Develop long-term vision for a highly scalable data platform, data management and Data Ops practices.
Design and architect data flows, data management in Hadoop or Cloud environment which are scalable, repeatable and eliminate time consuming steps
Promote Data Ops approach to automate the provision of data, testing and monitoring and to shorten development cycles and increase deployment frequency
Establish development and data governance processes to build mature data pipelines, CI/CD, test coverages, etc.
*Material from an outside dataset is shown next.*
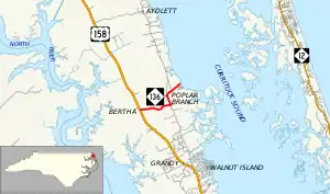 The entire route is in Poplar Branch, Currituck County.
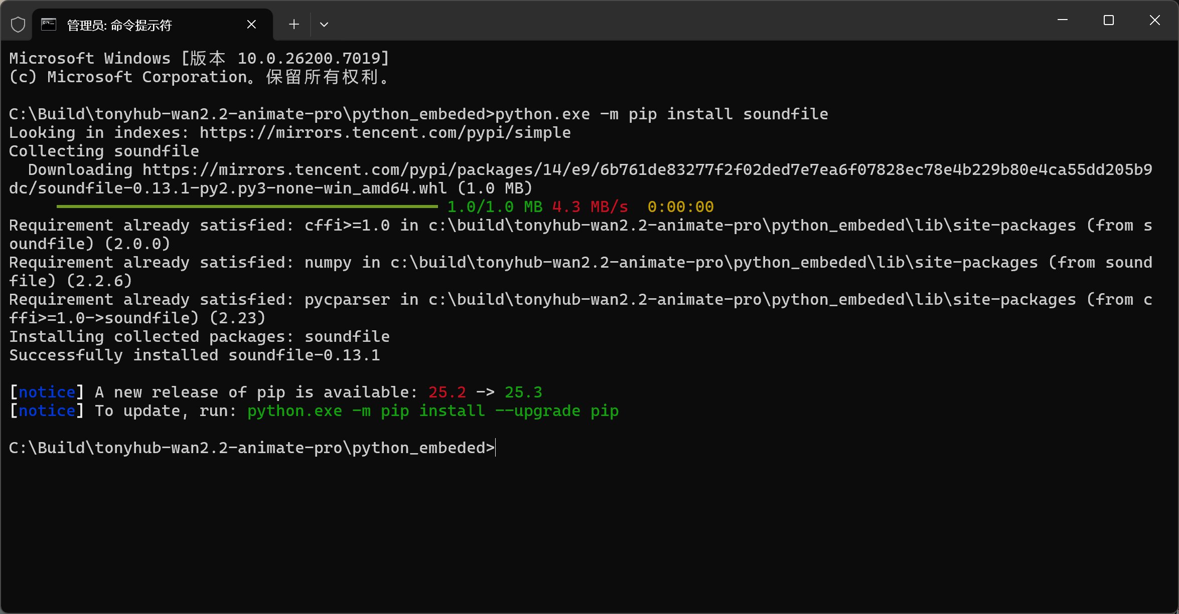 这里的 python.exe -m 是必写内容,不写就无法把依赖安装到我们特定的运行环境中。

Evaluate, provide insights and recommendations on tools and technology strategy for analytics data platforms and applications in conjunction with Enterprise Architecture team
Ability to lead data engineering work streams with a product mindset

Who are we looking for:

Bachelor’s or master’s degree in computer science, Information Systems or equivalent field
At least 5+ years of experience in building data flows and data management on modern big data tech stack
Data Strategy :
Understands, articulates, and applies principles of the defined strategy to routine business problems that involve a single function.
Data Transformation and Integration :
Extracts data from identified databases. Creates data pipelines and transform data to a structure that is relevant to the problem by selecting appropriate techniques. Develops knowledge of current analytics trends.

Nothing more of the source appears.